The composition displays Hodo’s hallmark precision and grace: finely embossed veins on the petals, softly modulated bokashi color transitions, and a carefully balanced asymmetry that emphasizes the natural rhythm of growth and bloom. This work was printed in May 1938 (Shōwa 13) by Takemura Hideo, one of Kyoto’s prominent publishers of shin-hanga and kachō-e (bird-and-flower) subjects during the early Shōwa era.
Signature: 蒲堂 (Hodō), with artist’s red seal
Inscription: 昭和十三年五月の作 (Made in May, Shōwa 13 [1938])

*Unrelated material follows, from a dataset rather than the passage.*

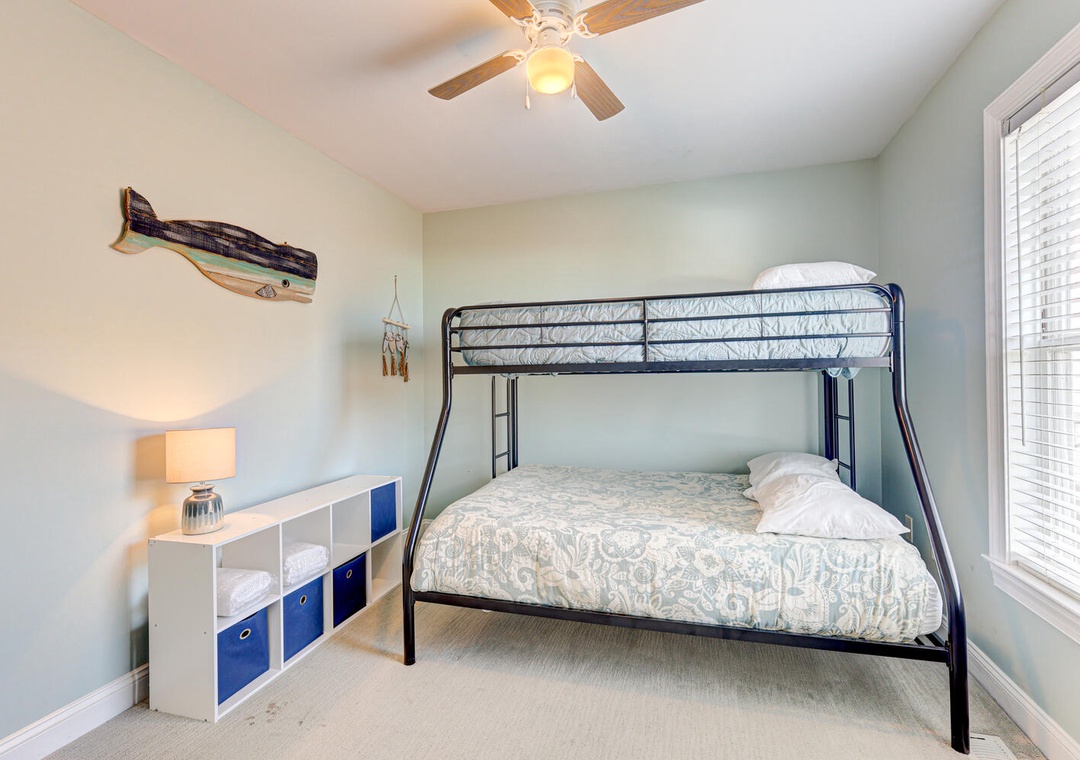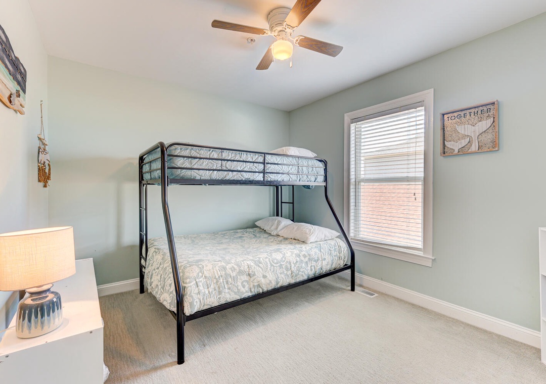 Twin over Full Bunk Beds(Sleeps 2) Top Bunk is not usable Ceiling Fan Attached Bathroom
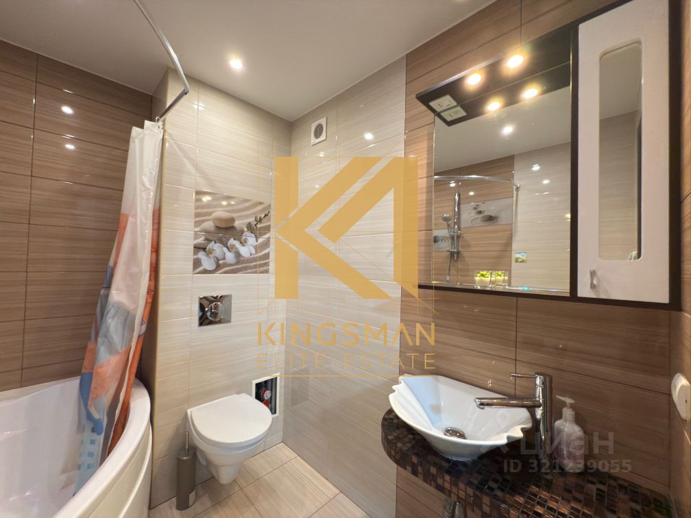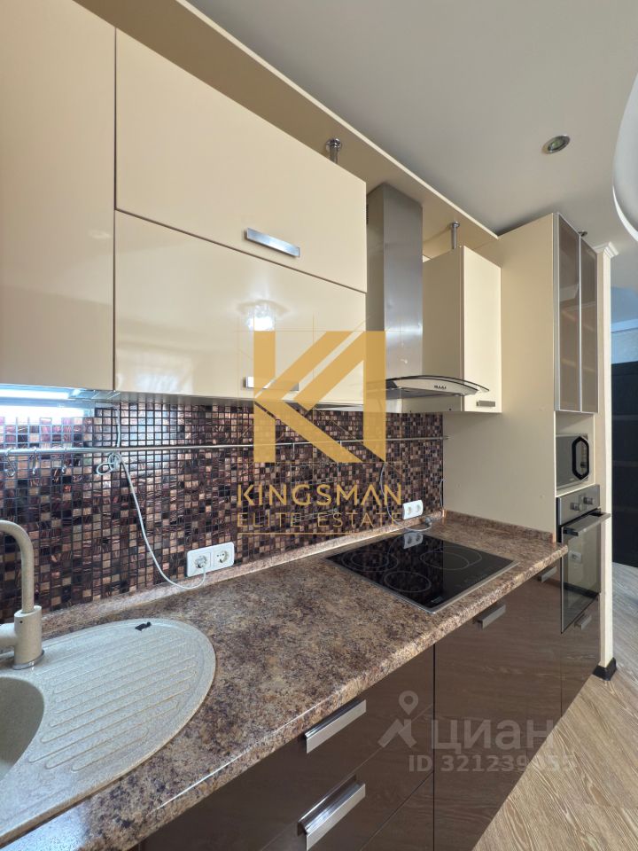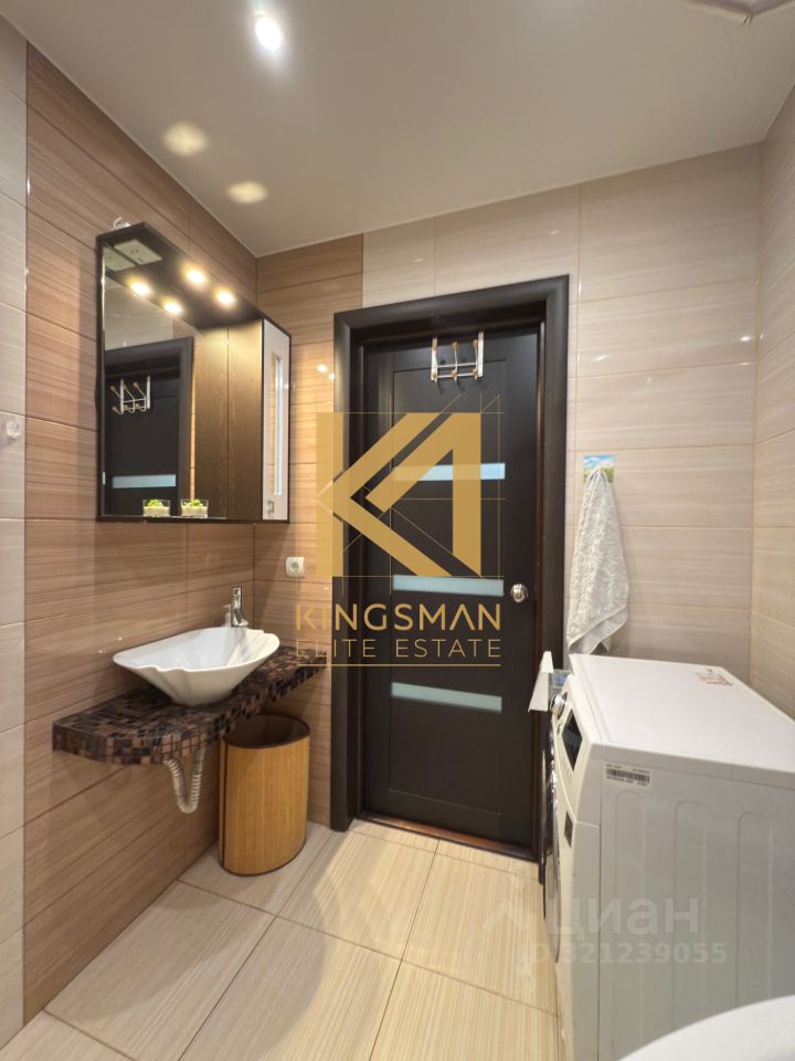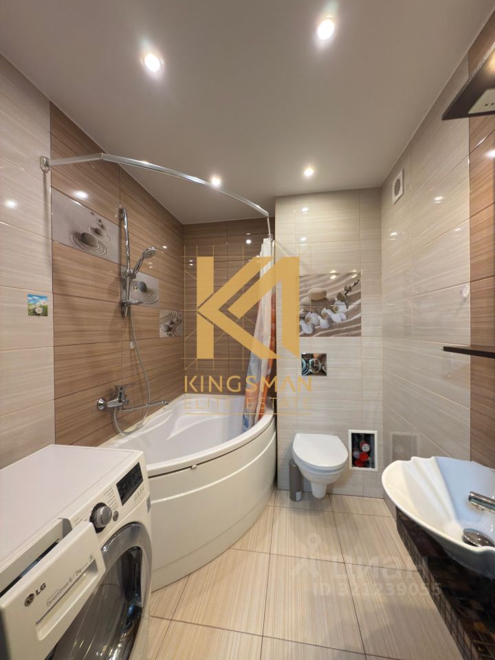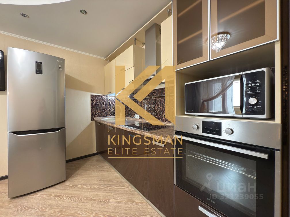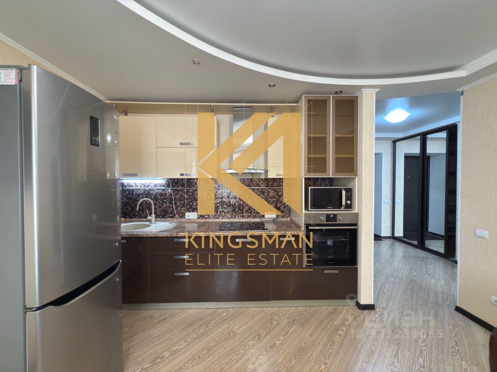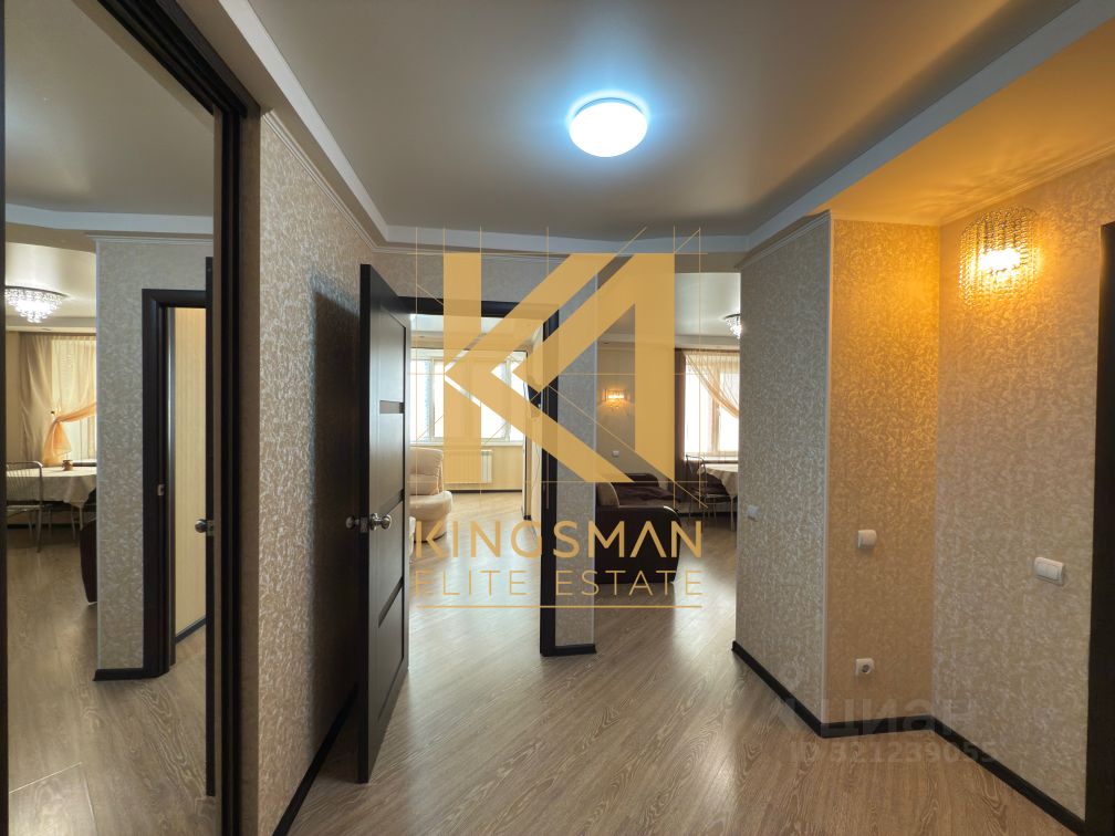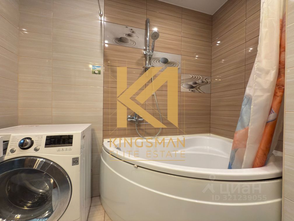 — На кухне установлен кухонный гарнитур с встроенной бытовой техникой, также дополнительное спальное место (диван). — В санузле установлена стиральная машинка. — Просторная гардеробная комната в коридоре.

Publisher: 版権所有 竹村秀雄 (Hanken shoyū Takemura Hideo)
Format: Ōban tate-e (大判竪絵, vertical oban)
Condition: Excellent color and impression, with strong embossing and soft gradation; minor age toning to margins. However, pasted to board.
Nishimura Hodo (西村蒲堂) was an accomplished yet little-documented shin-hanga artist active in the 1930s and 1940s, known primarily for his lyrical kachō-e (bird-and-flower) woodblock prints published by Takemura Hideo of Kyoto. His works, including Lotus Flowers and Camellia and Bluebird, combine refined design with technical mastery—subtle bokashi gradations, fine line engraving, and gentle embossing—reflecting both traditional Japanese sensitivity and the modern realism of the shin-hanga movement.